Friday, August 23, 2013

Syria and the Secrets of Diplomacy

A wise man can learn more from a foolish question than a fool can learn from a wise answer - Bruce Lee

Over a year ago, I wrote about the toothlessness of the United Nations and many of its members as the travesty in Syria continued to unfold at that time.  My original musing is here - Syria and the Elephant in the Room.

In that musing, I compared the UN to Facebook:

The UN and Facebook – Similar Models

This is why the UN reminds me of how more than 90% of people use Facebook.

There’s a lot of talk and idea exchange.

Heated words or words of praise flow freely between “friends”.

But in the end, little of any real value is accomplished.

In August of 2012, the UN was expressing concern that "”Syria was being ripped apart” as described here.

President Obama has warned Syria repeatedly as described in this Slate article.

And now the President is indicating that the situation in Syria is upgraded to a “grave concern”.

So now that we are in a situation where there are more than 1 million Syrian children refugees and over 100,000 civil war deaths (according to the UN), does the situation assessment “grave concern” mean that we will see action soon or does it mean that we still need to progress through the conditions of:

- very grave concern

- extremely troublesome but inconvenient right now

- tremendously worrisome situation

- appalling tragedy

- super duper disgusting tragedy

- outrageous crimes against humanity

Or will our outrage get redirected when something more convenient, useful or valuable pops up in the meantime?

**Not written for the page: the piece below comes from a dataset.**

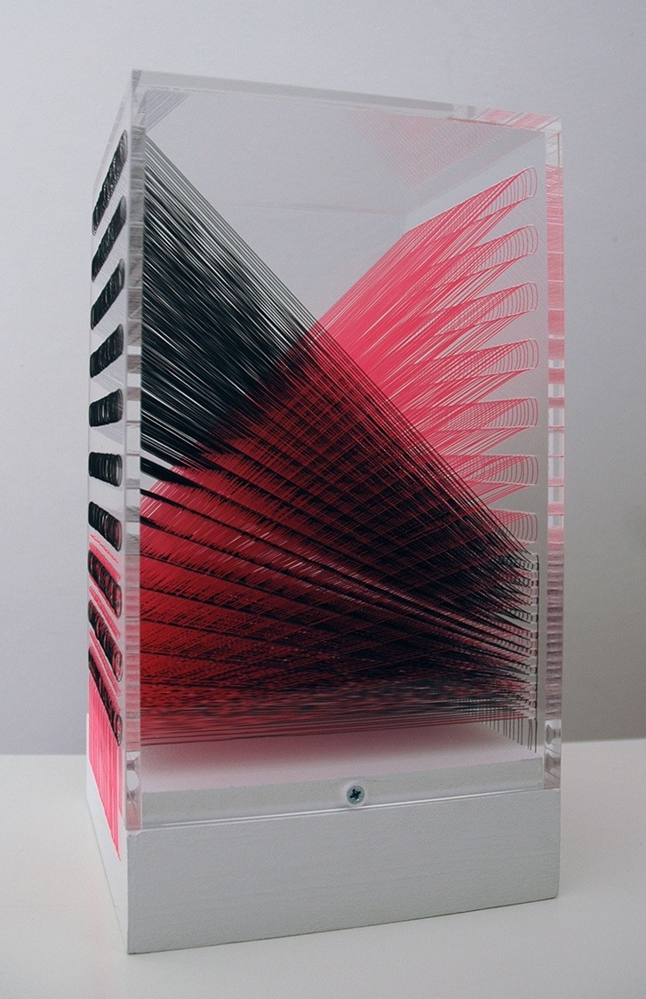 In the sculpture “9,772 Inches of Black and Red Monofilament”, Currie uses a series of threads hand-strung in grids to form angled wedges of red and black that intersect at the center, forming an area of at what – at first – looks like disorder. Upon closer inspection the consistency of the patterns becomes clear. This work has a number of mathematical connections: The careful measurement of the monofilament is a defining factor in the title for this work. Currie uses a series of grid patterns to thread the work. There are intricate geometric shapes created within the cases. The finally mathematical connection is his allusion to Chaos Theory, where there is underlying order in what at first appears to be disorder.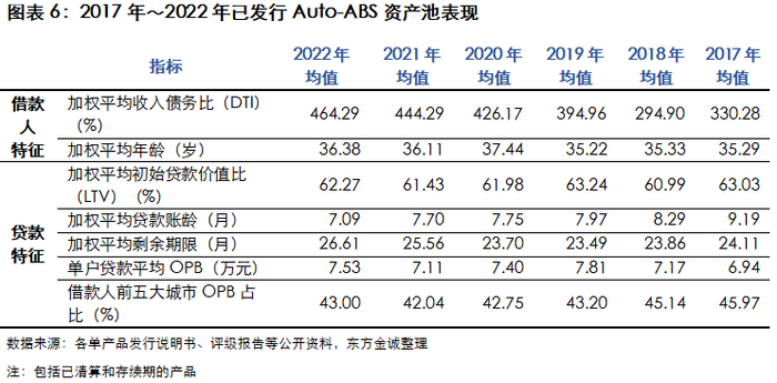 借款人的还款能力是影响基础资产违约率的重要因素,借款人的年龄、收入债务比(DTI)是判断借款人还款能力的重要指标。从各年已发行Auto-ABS来看,借款人年龄均值处在35岁左右,该年龄段借款人多处于收入稳定期,有助于其按时足额偿还贷款;Auto-ABS借款人加权平均收入债务比(DTI)均值自2018年起逐年上升,2022年均值为464.29%,较上年末进一步提升,还款能力有所提升。

It’s difficult to say, especially when it is difficult to see what motivates our diplomats.  During an emergency session of the UN Security Council this week, US Ambassador to the UN Samantha Power didn’t even bother attending because she had a personal trip to make.  The funny thing was that she was one of the people who was insisting that the UN take stronger action regarding Syria.

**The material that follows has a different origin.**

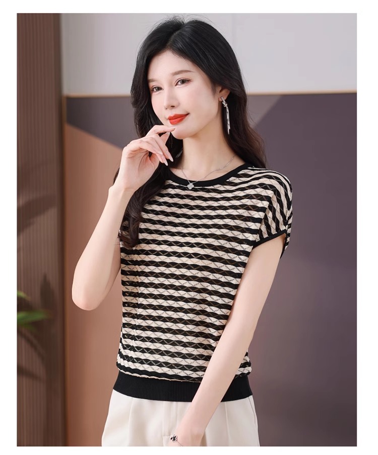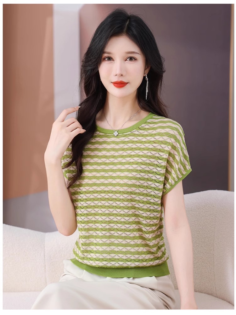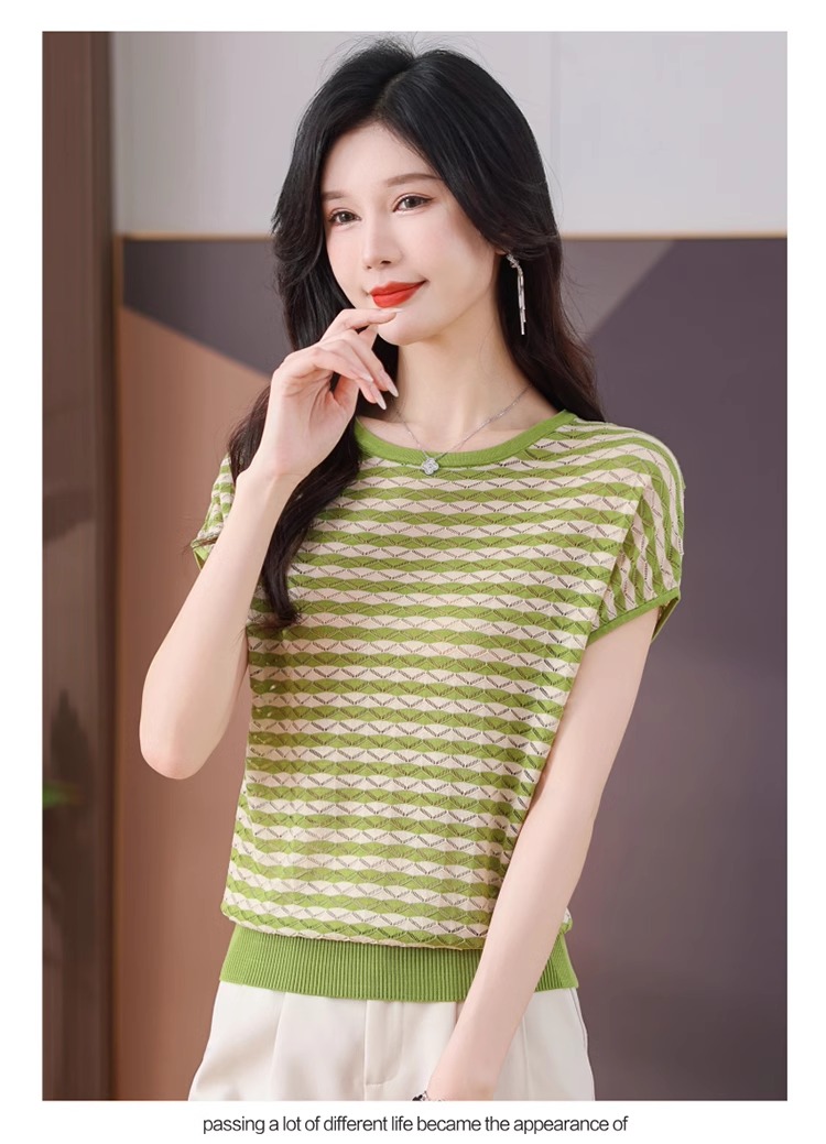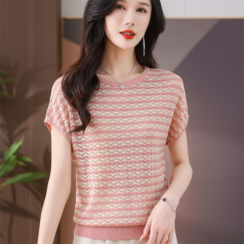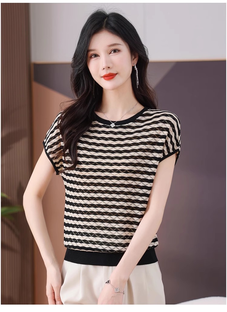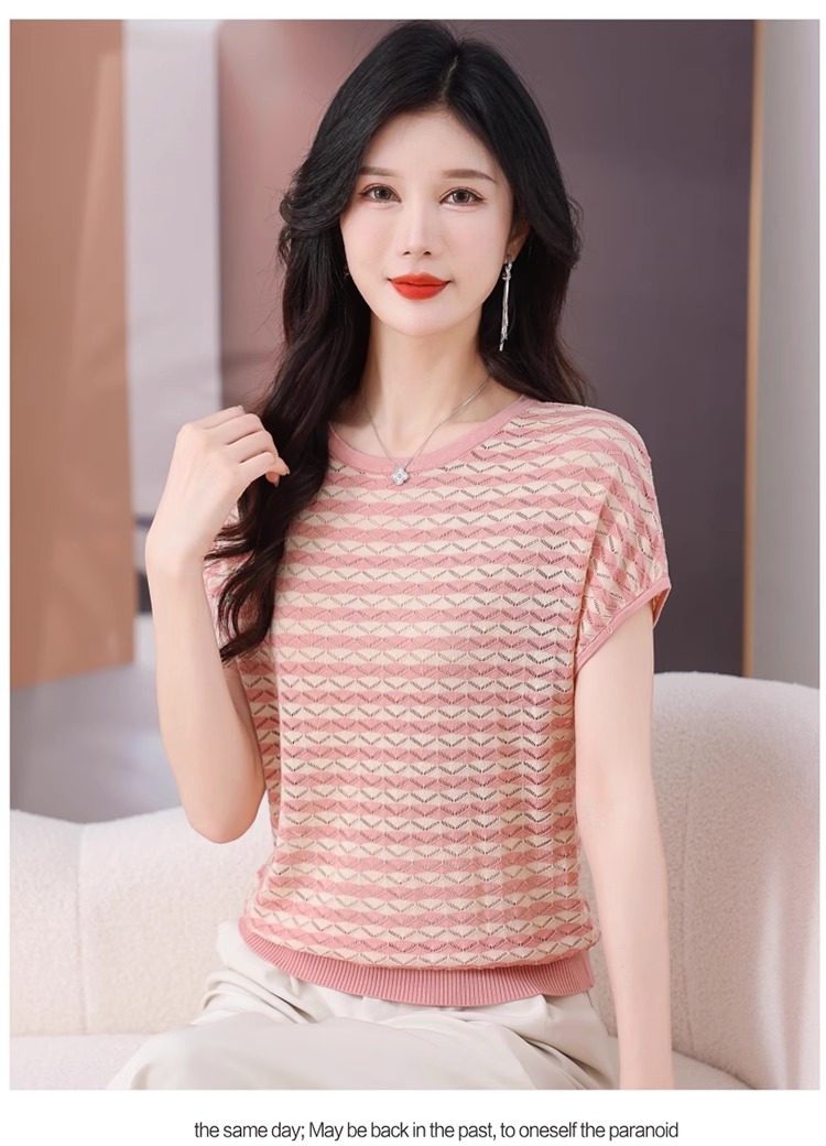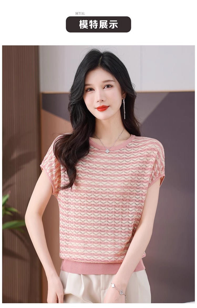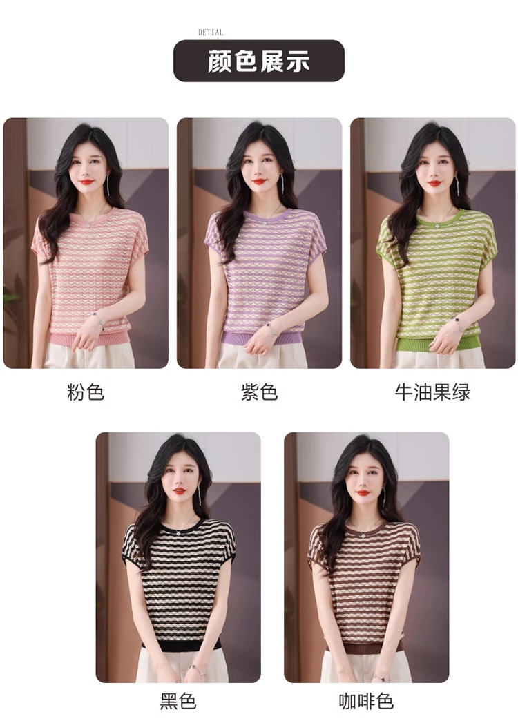 RY1081# 桑蚕丝短袖T恤女装镂空罩衫条纹冰丝针织衫正肩上衣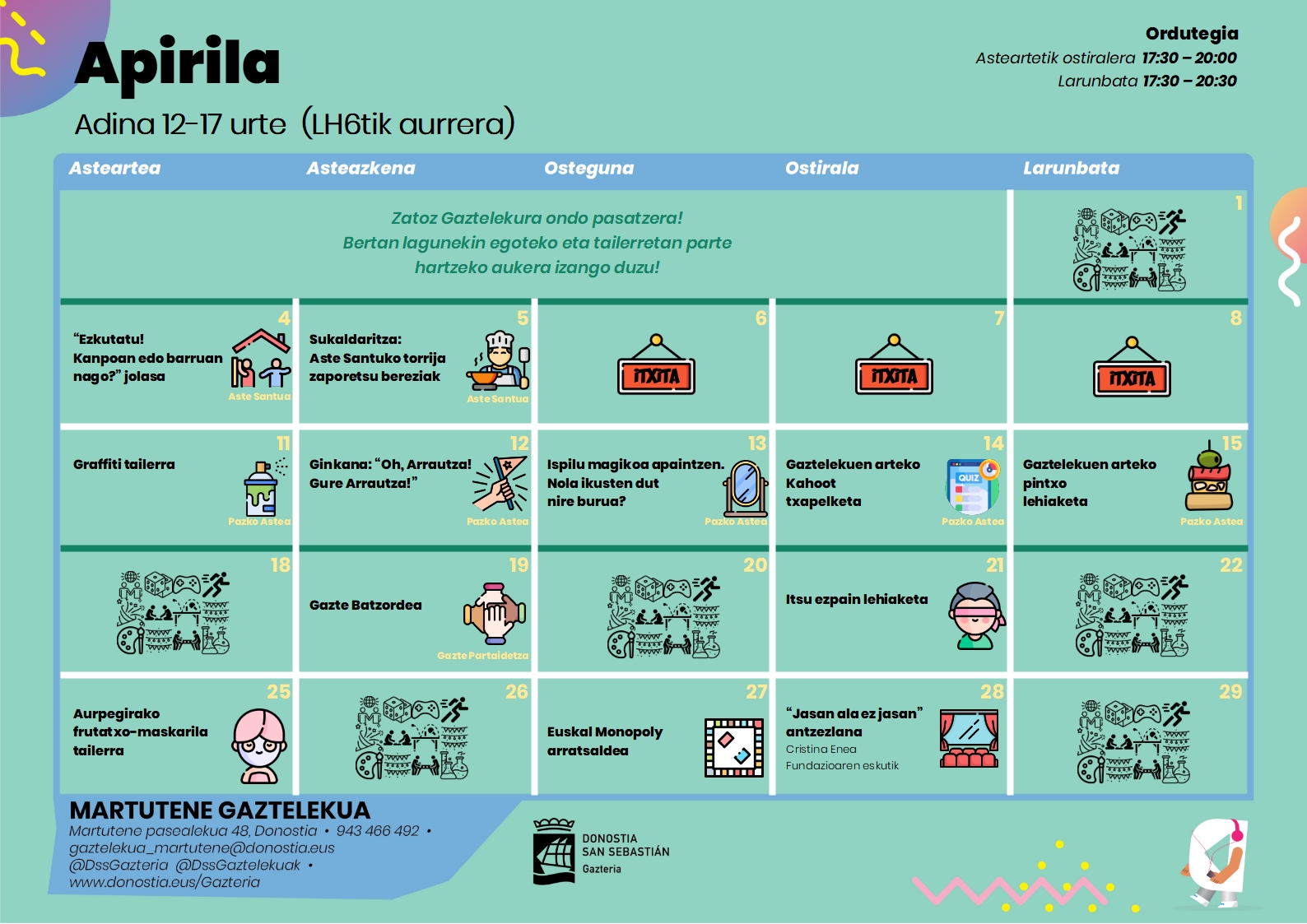 Archivado en Aisialdia/Ocio, Gazteleku, Zerbitzuak/Servicios · Tagged with adolescentes, auzoa, barrio, donostia, gaztelekua, martutene, martutene gaztelekua, nerabeak, programación, programaketa

When we steamrolled over Iraq, one of the reasons we gave (besides the weapons of mass destruction debacle) was that we were allegedly freeing the citizens from a tyrannical dictator.

While we have such a situation in Syria, the world continues to do nothing but express “grave concern” as the years go by.

Which means to me that either we are not asking the right questions or no one is smart enough, inspired enough or has motivation enough to be bothered answering them.

Yes, I understand the complexities of competing international objectives, with the Russians selling weapons to the Syrians and all of that stuff.

I get it.

But as usual, it boils down to the alchemic science of diplomacy.

Ahhhh the art of diplomacy.

It is always serving a master and moving towards an end goal.

It’s too bad that the nature of the master and the end goals are not apparent to or seemingly in the interests of the planet whom the diplomats claim to be serving.

In service and servanthood,

Harry

Addendum

Do you want to know why nothing is happening in regards to Syria?  I believe the answer becomes clear when one considers what I described when I wrote Solving Puzzles–Follow the Breadcrumbs and Asking Questions That Get Answered.

Addendum – August 27, 2013

I’m not certain that the current US strategy, a military strike against Syria by Thursday, is the right one.  This is especially true given that at the time of this post, it had not been confirmed that gas had even been used and if it has been used, which side used it.

Whenever strategic action is taken, there always has to be a “and now what?” which follows each step – and the answer should be known before the step is taken.

So if, despite Russian / Chinese protests, the US strikes Syria with cruise missiles, we still come to that very question, regardless of whether the Syrian regime is toppled or not.

The question of “and now what?” will still need to be answered.